Paul Kneale’s interest in the crossing, typical of our times, between rubbish and advanced technology, is evident in his latest series of sculptures, ‘Event Horizon’. Primarily composed of galvanized steel trash cans and hovering argon encased glass components, the sculptures came to the artist as an apparition while on Miami beach.
The ‘Event Horizon’ sculptures are part of a broader research project where Kneale represents cosmic truths or metaphysical questions through cheap, everyday objects. Specifically, the event horizon is the boundary of a black hole, characterized by a light halo. The most interesting phenomenon related to it is that an object approaching it will be seen, by an outside observer, slowing down infinitely without ever entering it. While the approaching object will be drawn to the region without escape, such optical illusion happens precisely as the gravitational field is so strong that no light can be reflected from within the hole.

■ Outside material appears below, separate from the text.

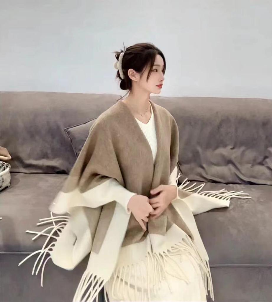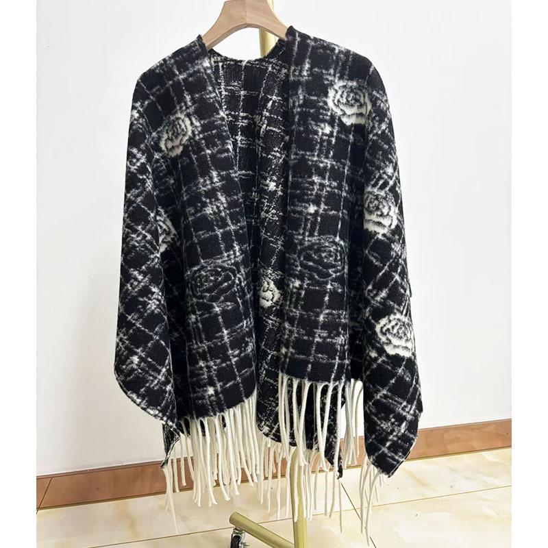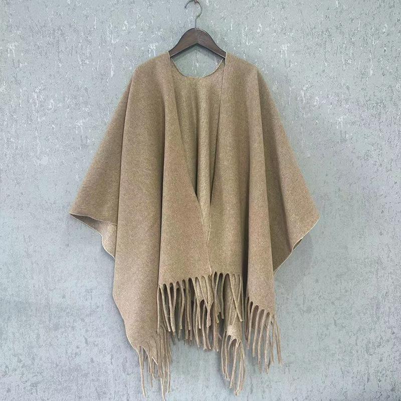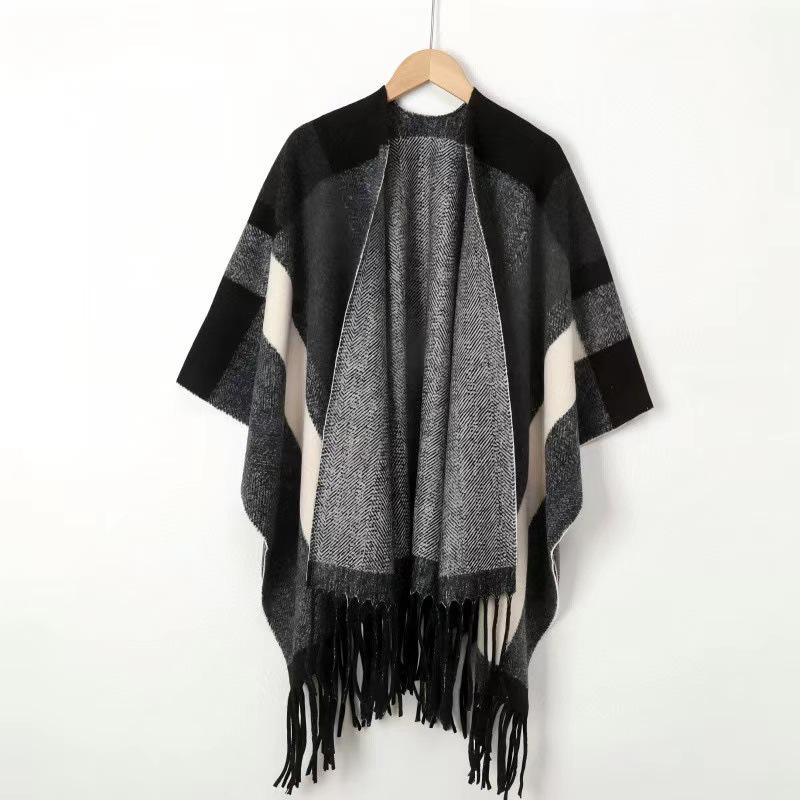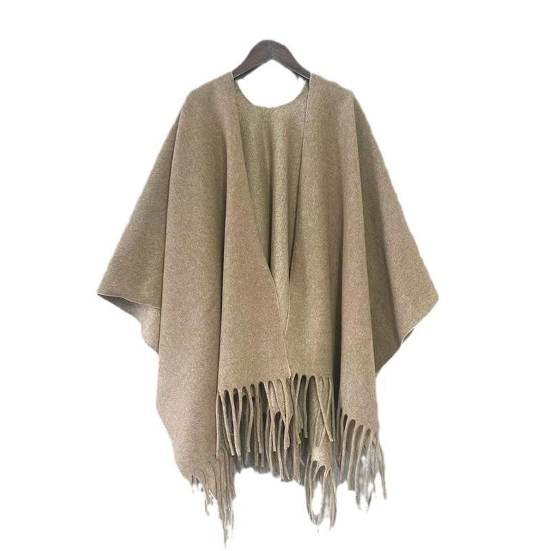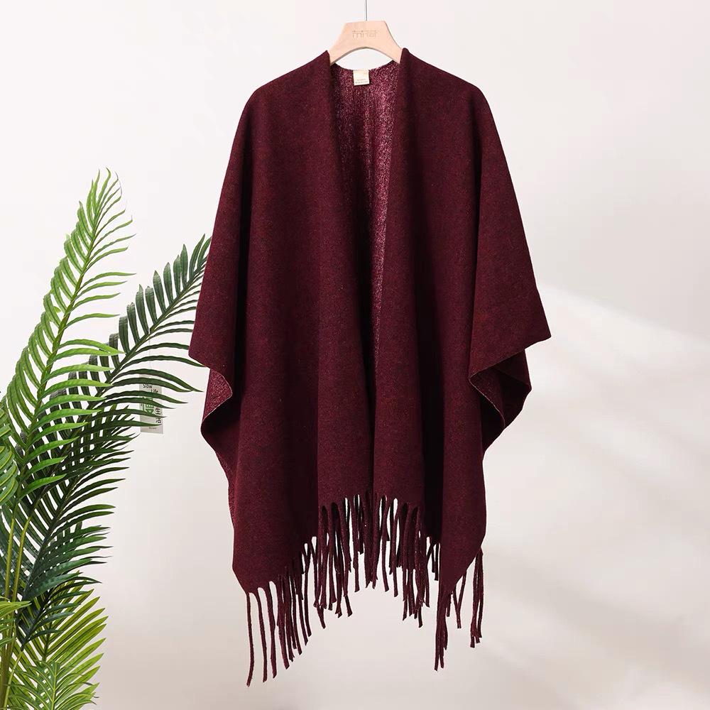 Женская шерстяная шаль с кисточками: Стильная универсальная накидка на осень/зиму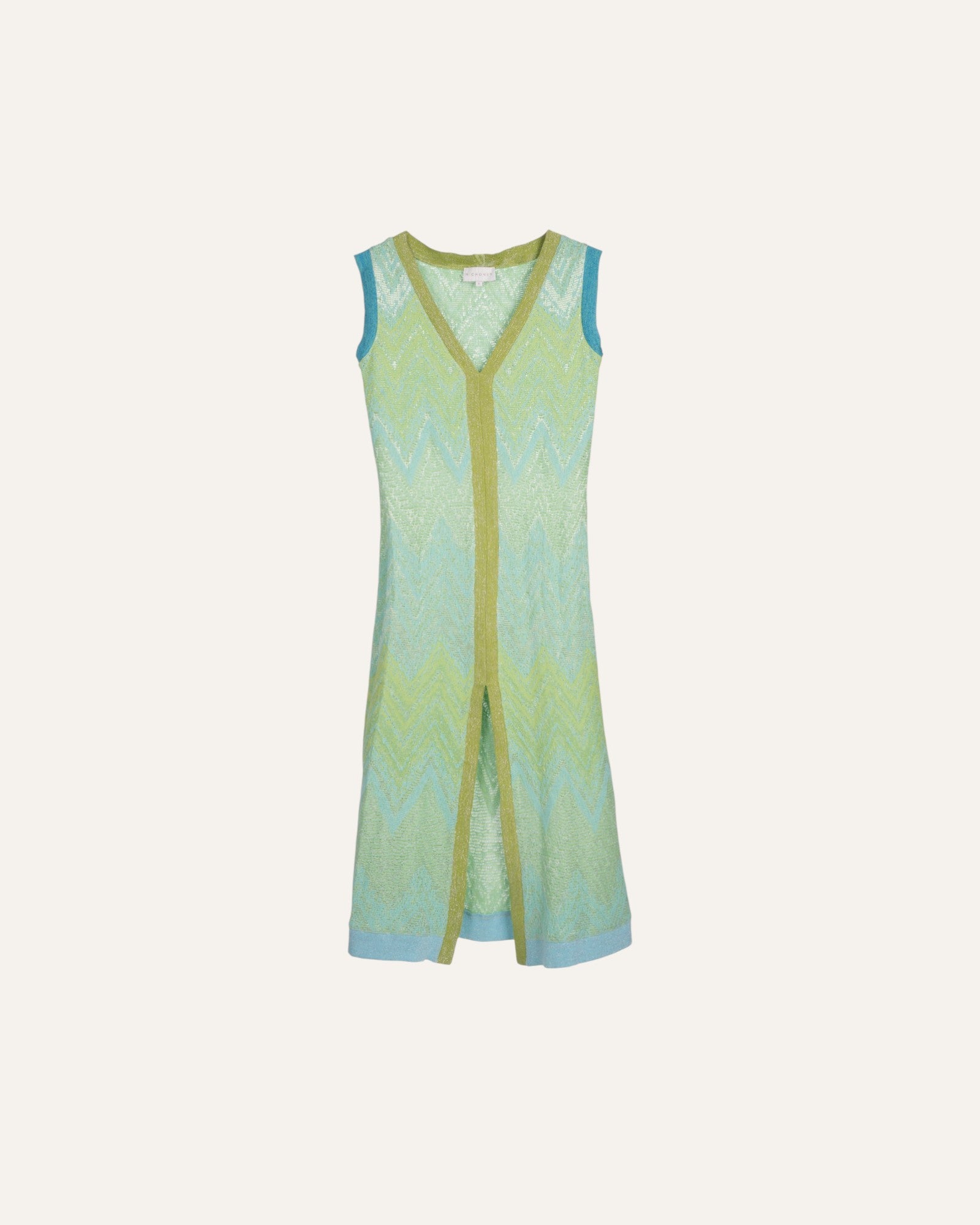 Straight cut, sleeveless, V-neckline and front opening with ribbed finish in contrasting colors.

The scale of the sculptures, and the fact that they emanate their own light, confers a meditative sense of spirituality to them: as if one were contemplating the materialisation of a metaphysical question. This is enhanced by the choice of employing argon and un-pigmented glass to create the halos, allowing the viewer to observe the movement of the gas within the glass tube, which makes them look almost alive.
“Into the trash, out of vision. The universe is an omnivore orifice”, Paul Kneale says. Event Horizon raises important questions about consumerism, interrogating our attitude towards globally accessible knowledge.